==== RECORDED INFORMATION

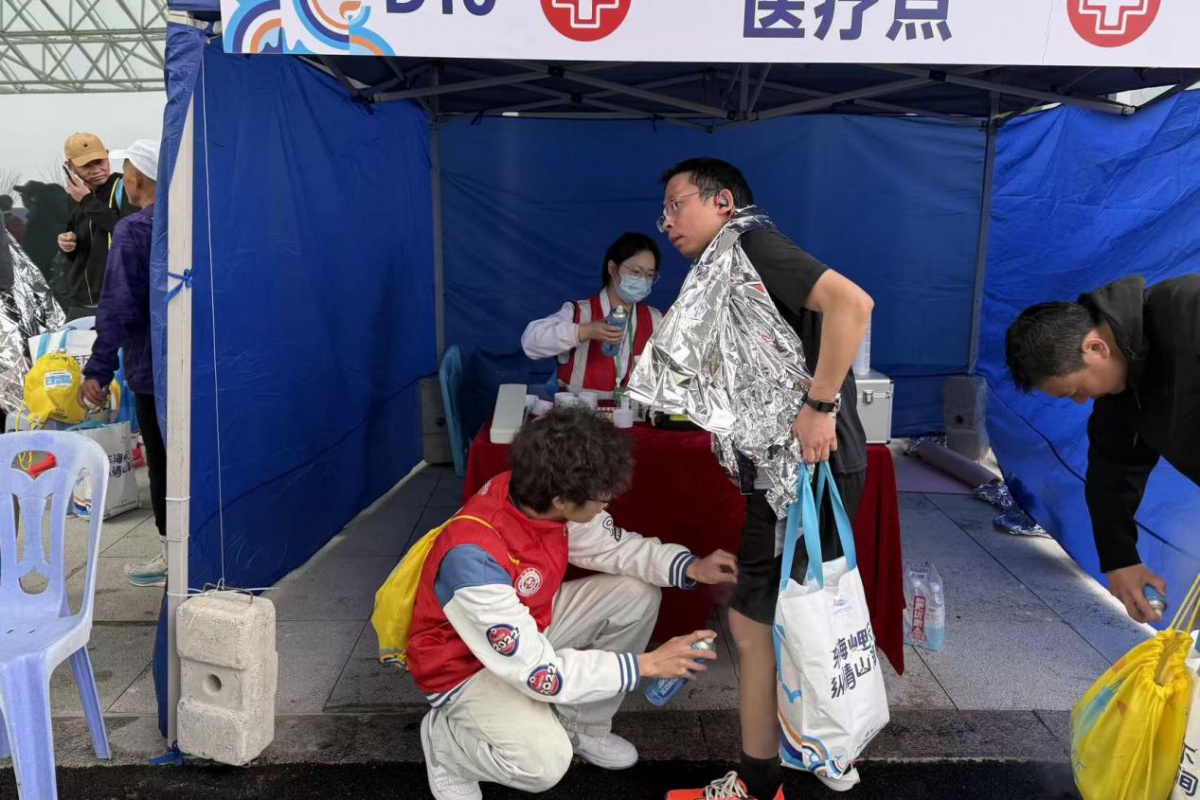 凌晨五点,天色未亮,志愿者们已整装集结、准时出发,统一乘车奔赴赛事各点位。从物资分发、赛道补给,到起点引导、终点拉伸,大家被科学分配至关键岗位,分工明确、高效协作。学校“启航救护队”组建的医疗志愿组,凭借规范急救技能与贴心细致服务,全程守护选手安全,成为赛道上可靠的“生命守护者”。
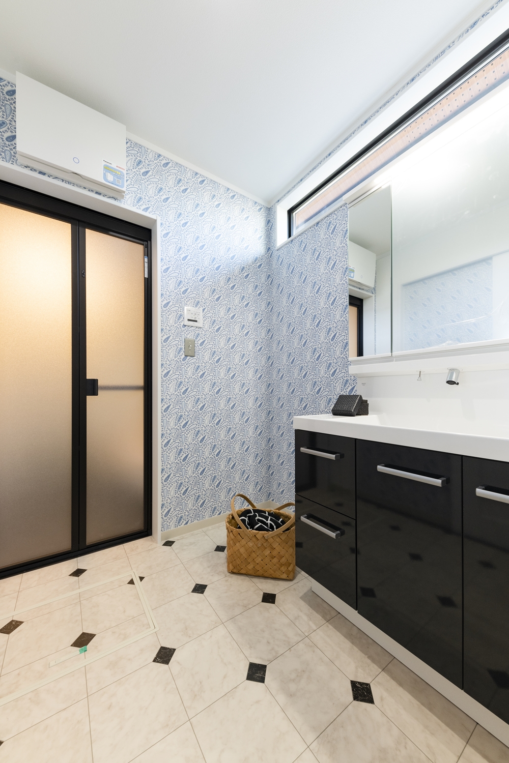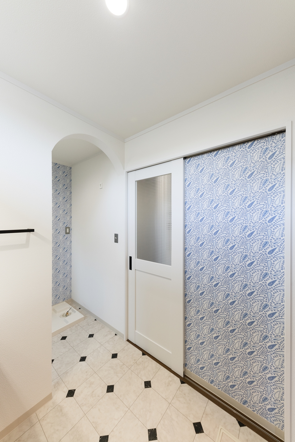サニタリールーム/ペイズリー柄のブルーの壁紙や石目柄のフロアがとっても可愛らしくて印象的です。
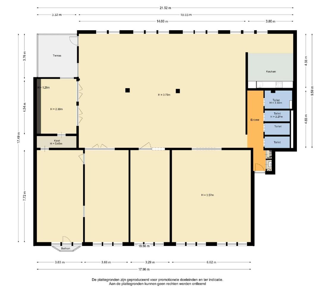 Voor de verhuur komt ca. 1.009 m² v.v.o. beschikbaar, als volgt verdeeld:
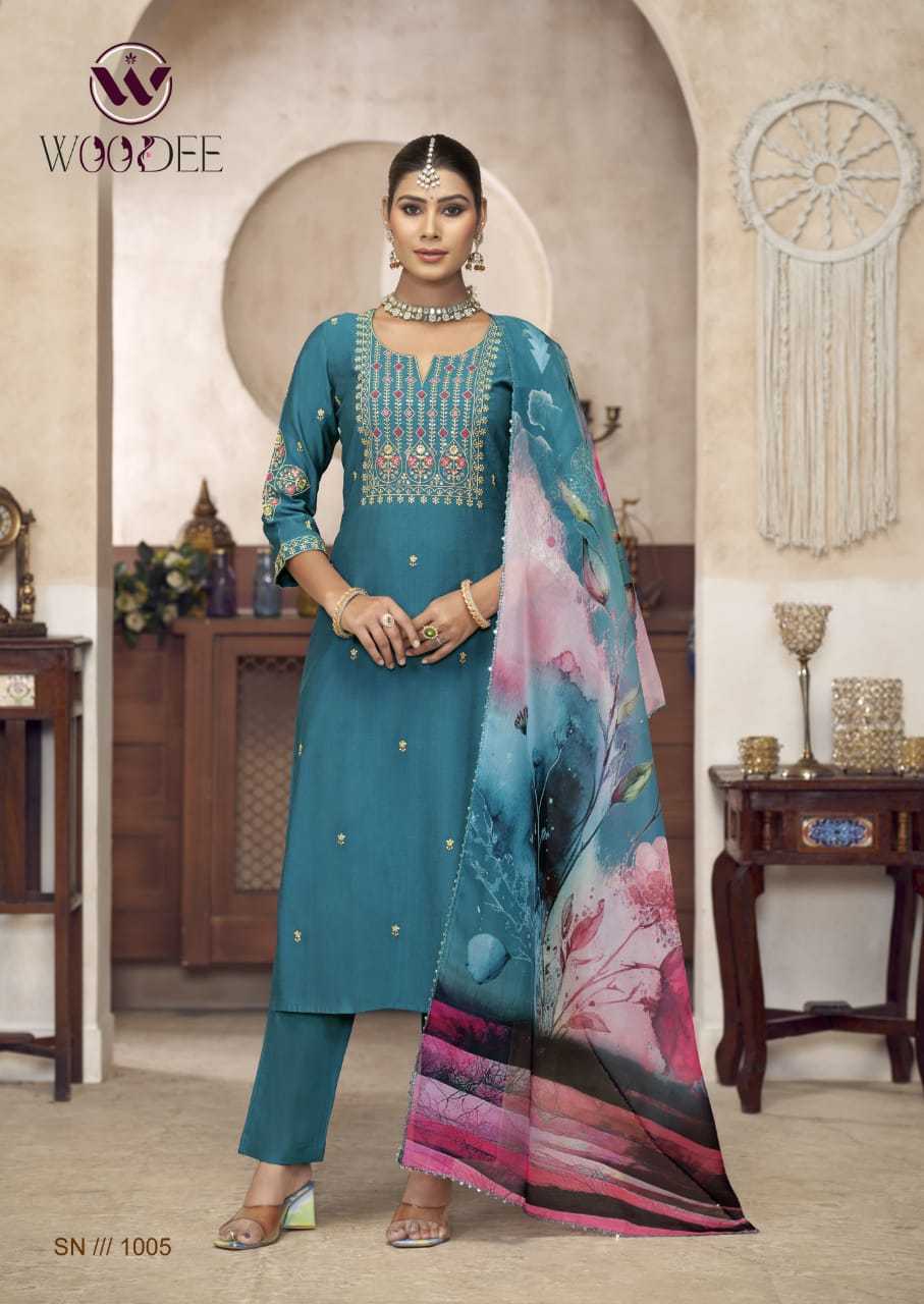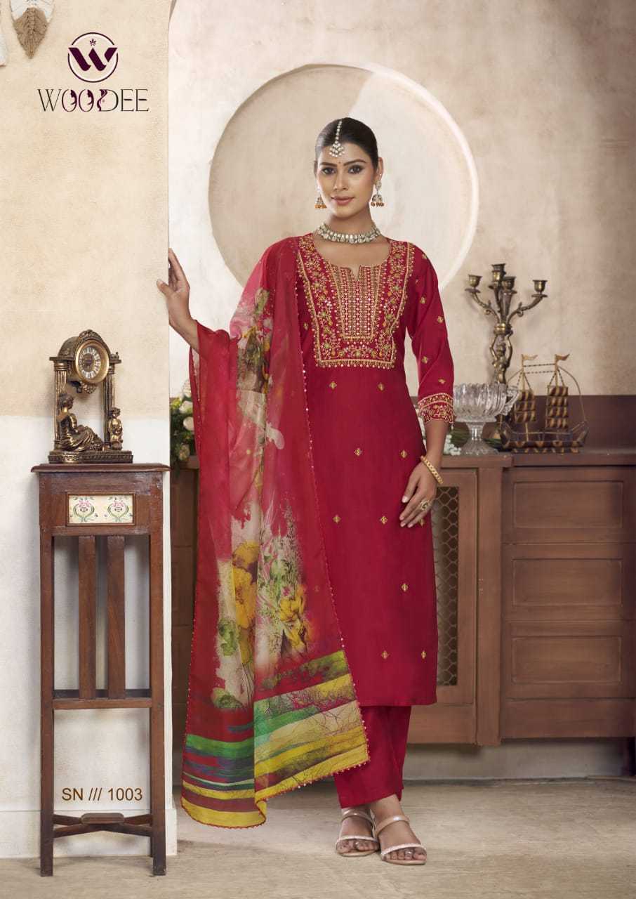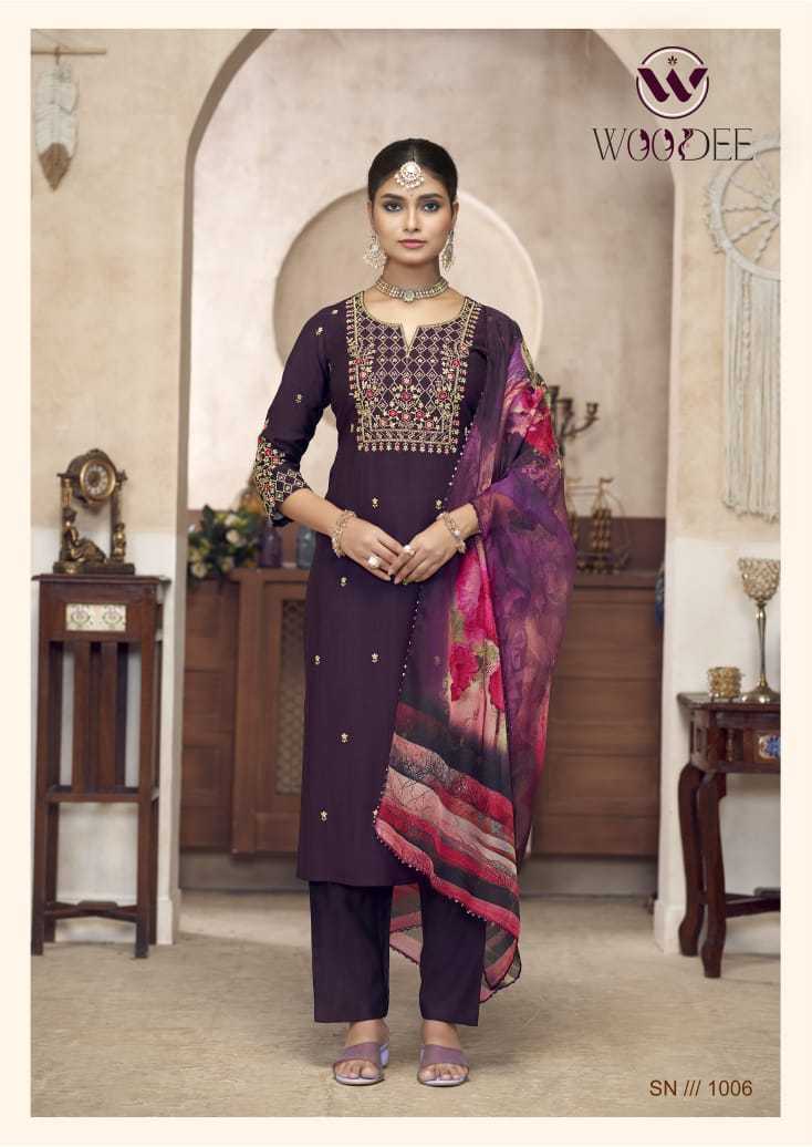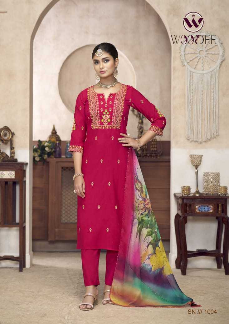 Woodee Diana Viscose Silk Festiv Wear Kurti Pant Dupatta Set
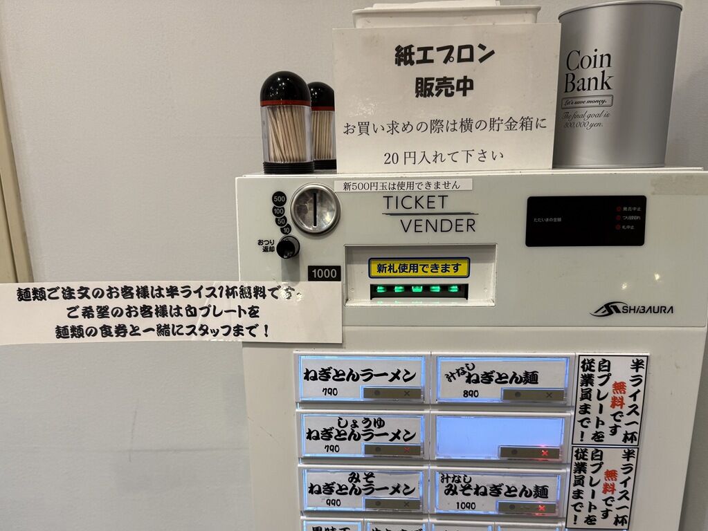 順番に呼ばれて店内へ。入店するとまず券売機で食券購入です。
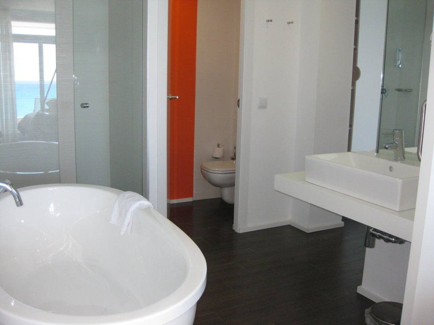 Bad und WCdie Juniorsuite hat Badewanne, Waschtisch, Dusche mit Glastür (links hinten) und eine Tür zum WC (etwas eng)

========

Without changing a single word, set down all of the material again and leave out its pictures.

WRITTEN RESPONSE:
 凌晨五点,天色未亮,志愿者们已整装集结、准时出发,统一乘车奔赴赛事各点位。从物资分发、赛道补给,到起点引导、终点拉伸,大家被科学分配至关键岗位,分工明确、高效协作。学校“启航救护队”组建的医疗志愿组,凭借规范急救技能与贴心细致服务,全程守护选手安全,成为赛道上可靠的“生命守护者”。
サニタリールーム/ペイズリー柄のブルーの壁紙や石目柄のフロアがとっても可愛らしくて印象的です。
 Voor de verhuur komt ca. 1.009 m² v.v.o. beschikbaar, als volgt verdeeld:
 Woodee Diana Viscose Silk Festiv Wear Kurti Pant Dupatta Set
 順番に呼ばれて店内へ。入店するとまず券売機で食券購入です。
 Bad und WCdie Juniorsuite hat Badewanne, Waschtisch, Dusche mit Glastür (links hinten) und eine Tür zum WC (etwas eng)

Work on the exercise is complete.